What this task involves. Return the lines of the data below starting at the one holding "Wind数据显示,TWS耳机" and ending at the one holding "Download this time", word for word, leaving every picture out.

Data under study.
══════

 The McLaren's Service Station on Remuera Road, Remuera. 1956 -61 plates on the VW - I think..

══════

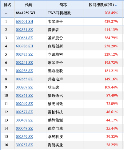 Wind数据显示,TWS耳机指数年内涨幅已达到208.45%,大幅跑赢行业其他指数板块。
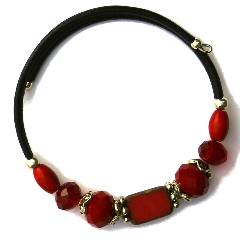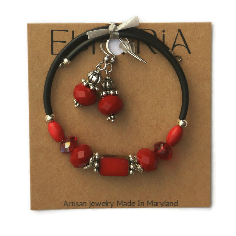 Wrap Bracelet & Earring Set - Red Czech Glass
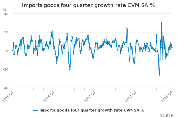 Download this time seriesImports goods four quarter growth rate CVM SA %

══════

Your response.
 Wind数据显示,TWS耳机指数年内涨幅已达到208.45%,大幅跑赢行业其他指数板块。
 Wrap Bracelet & Earring Set - Red Czech Glass
 Download this time seriesImports goods four quarter growth rate CVM SA %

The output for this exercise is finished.